The requirements are very technical in each case, with opposition from pipeline companies based on such things as the agency mandating: Optical Gas Imaging (OGI) for leak detection and blowdowns conducted to enable leak repairs. The leak detection and repair (LDAR) program the agency wants to implement would, in the minds of many industry executives, divert attention from INGAA’s Directed Inspection and Maintenance Program (DI&M), which is viewed as more reasonable than LDAR.
The LDAR regime involves an initial survey of “fugitive emissions components,” which is an expansively defined category of equipment. After the initial survey, an operator must survey semi-annually. The LDAR regime also has a self-ratcheting dynamic. If a survey detects fugitive emissions from just 3% or more of the fugitive emission components during two consecutive semi-annual surveys, the survey frequency increases to quarterly.
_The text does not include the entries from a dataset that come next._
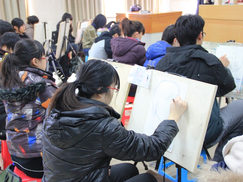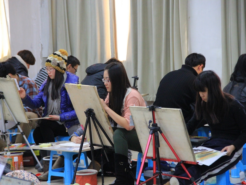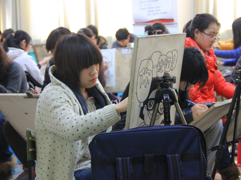 校考北京考點的考試火熱進行中。考生們正用他們手中的畫筆描繪心中的夢想和美好的明天。
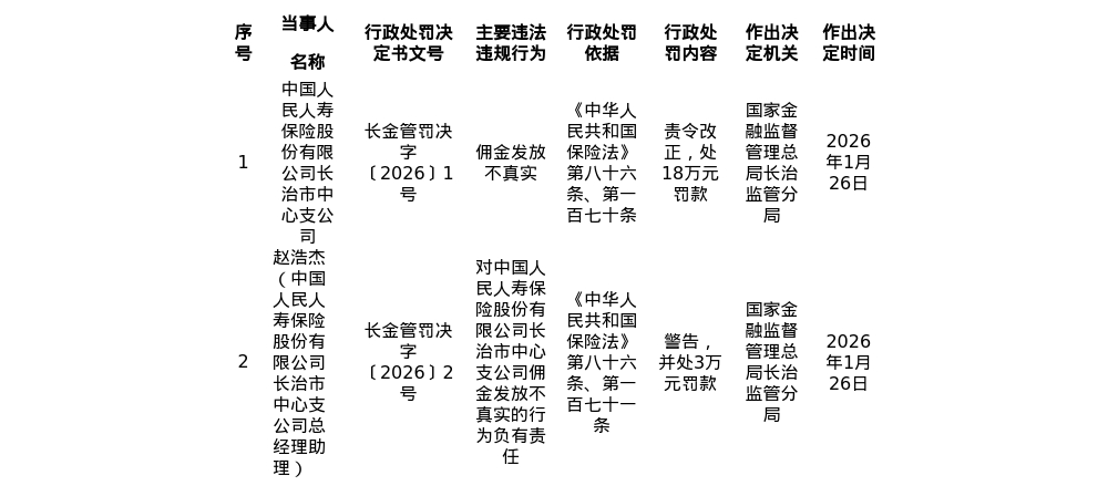 蓝鲸新闻1月30日讯,近日,国家金融监督管理总局长治监管分局发布了罚单,剑指中国人民人寿保险股份有限公司长治市中心支公司及其相关责任人。
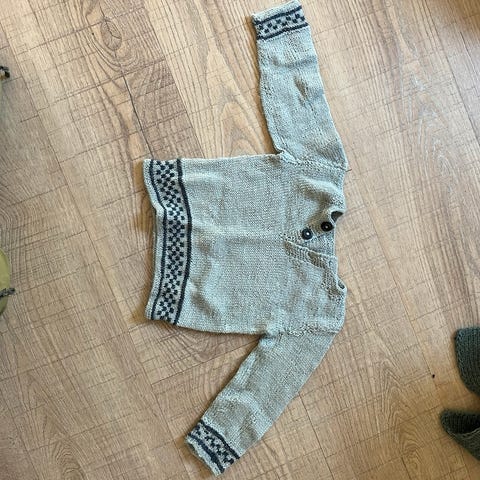 Strikkegenser i brun med perlestrikk.
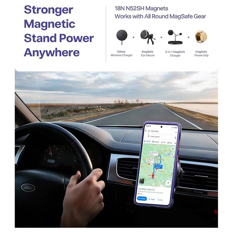 Doté de la technologie Halbach Array et d'aimants néodyme N52SH de première qualité, l'étui offre une force magnétique jusqu'à 200 % plus élevée. Cela garantit une fixation et un chargement fiables avec tous les accessoires MagSafe.

“The INGAA DI&M facilitated through the Methane Challenge Program has the ability to achieve methane reductions more quickly from existing facilities than the proposed NSPS
OOOOa Rule which only affects new or modified facilities,” stated Gary Buchler, chief operating officer, Natural Gas Pipelines, Kinder Morgan. “The logistics of conducting both a voluntary DI&M program at existing sources and an NSPS OOOOa fugitive emissions monitoring program at new and modified sources, or both at the same source if that source is modified, is daunting and logistically difficult.”
NSPS stands for New Source Performance Standards and is one of EPA’s high profile air emission regulatory programs. Methane leaks from pipeline equipment have not been covered but would under this proposal, labeled “OOOOa.”
With regard to unnecessary blowdowns, INGAA’s Theresa Pugh, vice president of environment and construction policy, said, “The proposed rule requires an operator of a compressor station that identifies a leak through such a monitoring survey to repair the leak in 15 days, with the possibility for an extension only under limited circumstances. The failure in the proposed rule to provide a reasonable delay of the repair provision will lead to adverse consequences, including the possible impairment of transportation service to pipeline customers during high-demand periods and increased methane emissions due to otherwise unnecessary blowdowns conducted to enable leak repairs.”
There are a variety of industry complaints about elements of the provision’s requirements in each of the three equipment categories. For example, EPA proposes rod packing for reciprocating compressors be changed every 26,000 hours, no later than every 36 months.
Greg Ammon, director of Environmental, Northern Natural Gas, said Berkshire Hathaway Energy (BHE) Pipeline Group (which includes Northern Natural) recommends EPA consider the option to monitor rod packings after 26,000 hours and replace only when the condition of the packing merits replacement as per manufacturer recommendations. Once the packing merits replacement, Ammon suggested the rod packing would be required to be placed on a delay of repair list to be changed at the next shutdown. “This method is cost-effective and reduces waste generation, instead of changing the packing while it still has useful life,” Ammon said.